Ехали в дом-музей какого-то поэта, его фамилию Комякова так и не запомнила.

-- Поэт, конечно, третьестепенный, -- сообщила Надя по дороге. – Но у него гостили такие люди, как Гете и Бетховен. Вообще, атмосфера…    

Атмосфера действительно была. В этом большом, деревянном, скрипучем доме, со старинной мебелью, облупленными безделушками, истертыми, изжеванными временем ветхими коврами и портретами людей, живших два века назад и теперь глядящих на посетителей с этих портретов грустно и чуть с обидой, будто спрашивали: «Вот мы жили-жили, ну так и что? Вы даже наших имен не знаете…» Их обида была вполне справедлива, потому что имена-то были известны и хозяева дома, потомки третьестепенного поэта, произносили их с чувством и благоговением, но из сознания слушателей, не бывших их потомками, они вылетали тут же, даже на секунду не задержавшись.

Была там и комнатка, к которой, скорее, подошло бы название «каморка», в которой живал Гете. Там стояли большая кровать, -- Гете-то, надо полагать, был человеком не низкорослым, -- комод, какая-то утварь для утреннего и вечернего туалета и, конечно же, увесистый ночной горшок. В соседней «каморке», по словам хозяев, потомков треьестепенного поэта, за хрупким столиком он работал.

-- Да, -- сказала Надя, скептически оглядывая все это нехитрое хозяйство. – Можно себе представить… Жили при свечах, ездили исключительно на лошадях. Осенью бури, ветер, природа вокруг завывает, крыша грохочет… Бетховен играет Апоссионату, Наполеон Европу перепахивает. Кто скачет, кто мчится под хладною мглой. Но вот что интересно… -- вдруг сказала она. – Кто за ним горшок выносил? Ты можешь себе представить, чтобы по утрам Гете спускался по вот этой лестнице и нес свой ночной горшок?     

-- Не могу представить, -- сказала Комякова. – Слуги, конечно.            

-- Мне бы это было неприятно,  -- сказала Надя в своей обычной манере, серьезно и задумчиво, -- если бы кто-нибудь выносил за мной ночной горшок.                     

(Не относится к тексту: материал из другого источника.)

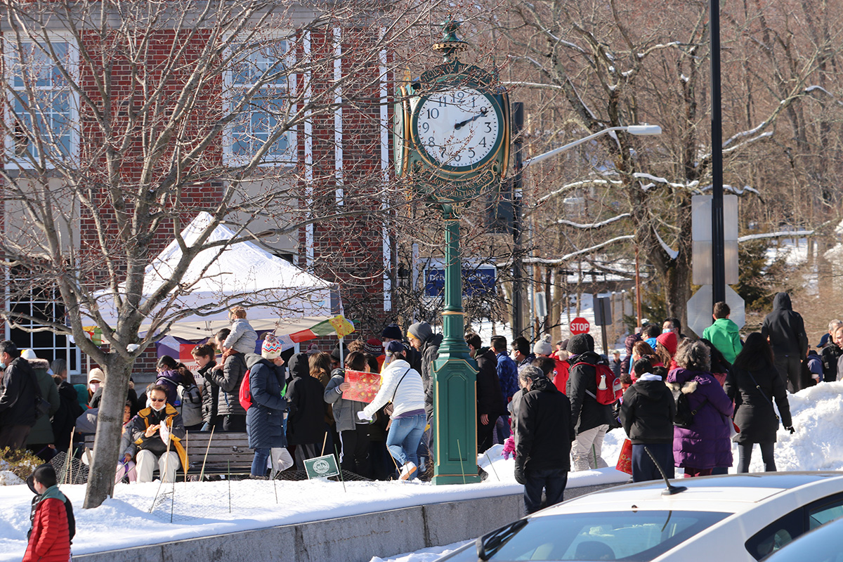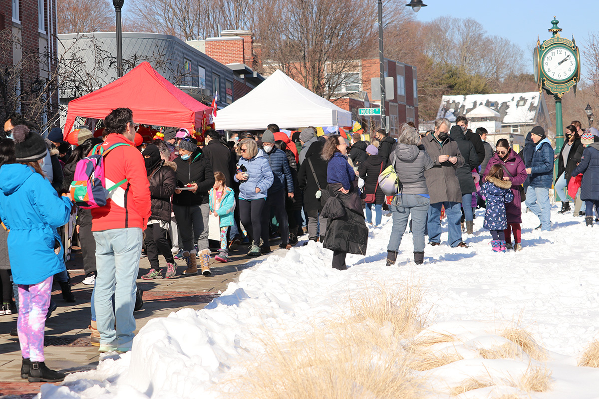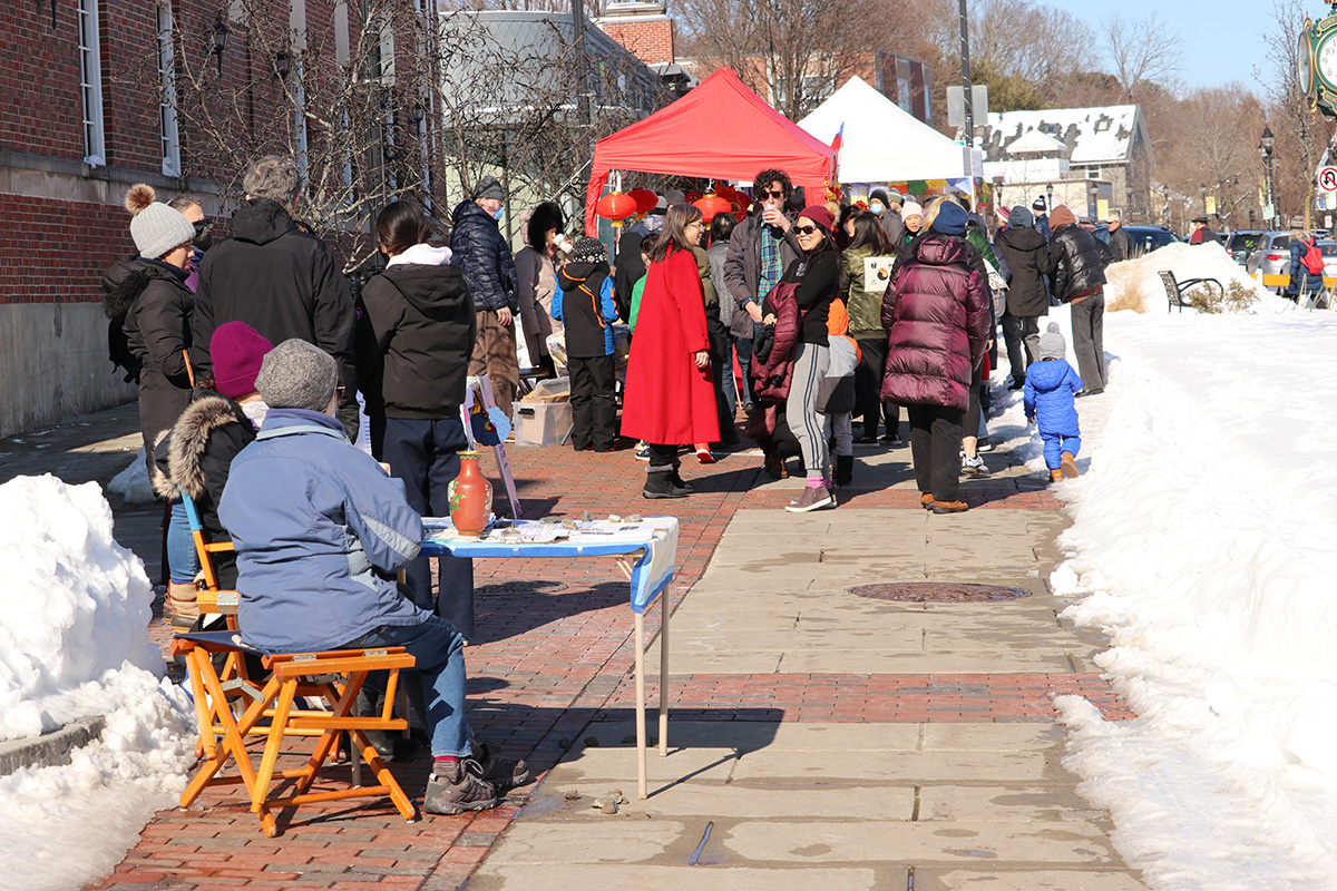 think of how many chinese people have to live in belmont for them to be able to have a chinese new year celebration in the town center. it was a little lackluster though, just some tables set up with crafts for children, free snacks, and then the other tables were local businesses trying to attract chinese customers. they had it front of belmont's savings bank, and there were just a big crowd of people outside. there was also supposed to be lion dancers, but after we circled the tables twice (and collected some snacks and freebies like a mug and some toothbrushes), we decided to leave.
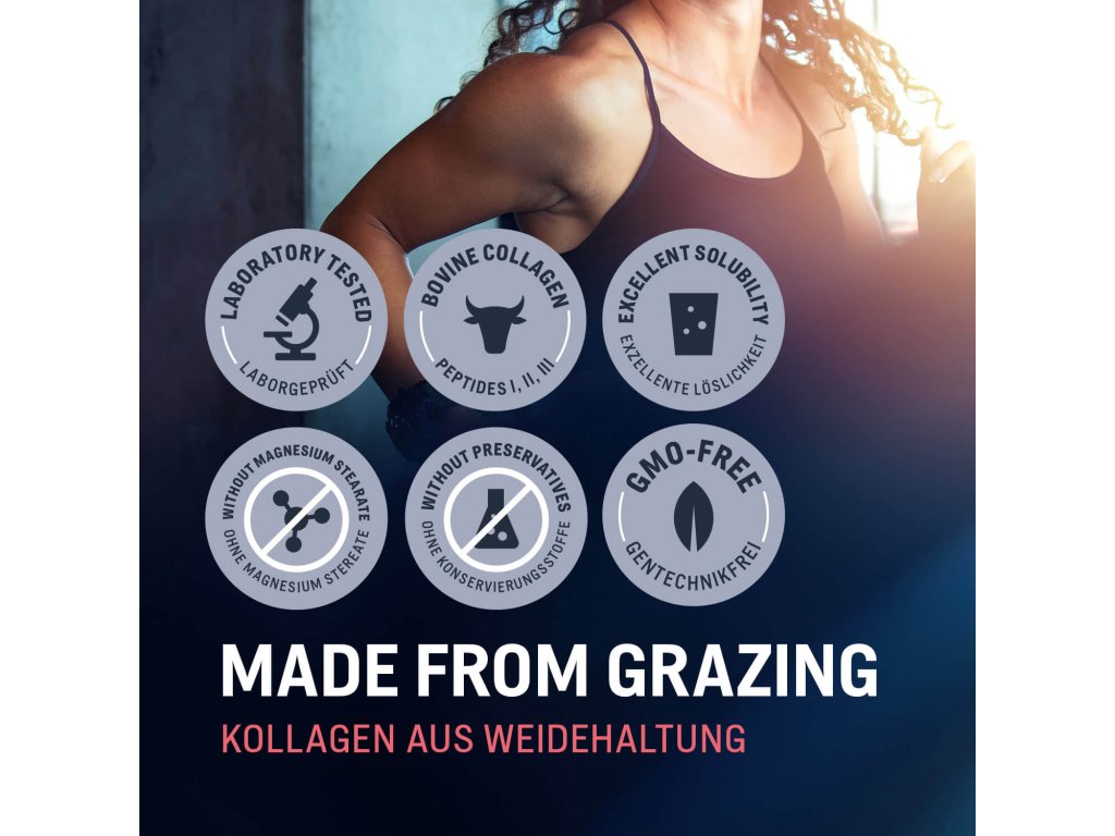 Powstaje z wysokiej jakości surowców o potwierdzonym pochodzeniu i czystości – 100% kolagen pochodzi z farmy w Argentynie i posiada certyfikat Halal. Nie zawiera dodatków takich jak gluten, soja, laktoza ani substancje słodzące.

-- Странные мысли тебе приходят в голову, -- сказала Комякова.          

-- Ага, -- согласилась Надя. – Значит, не так-то плохо они жили…               

Надя не разговаривала за рулем. В это время она думала. О своих формулах, в основном. Но и посторонние мысли, вроде ночного горшка Гете, иногда залетали. Комякова же расположилась на заднем сидении и задремала. Нельзя сказать, что экскурсия произвела на нее впечатление. Она вообще не любила затхлость старины, мумифицированные, затертые вещи, пожелтевшие, рассыпающиеся манускрипты, короче, законсервированное время, как никогда не любила консервы. И тем более было удивительно, что в дреме она тут же попала туда, в этот самый дом.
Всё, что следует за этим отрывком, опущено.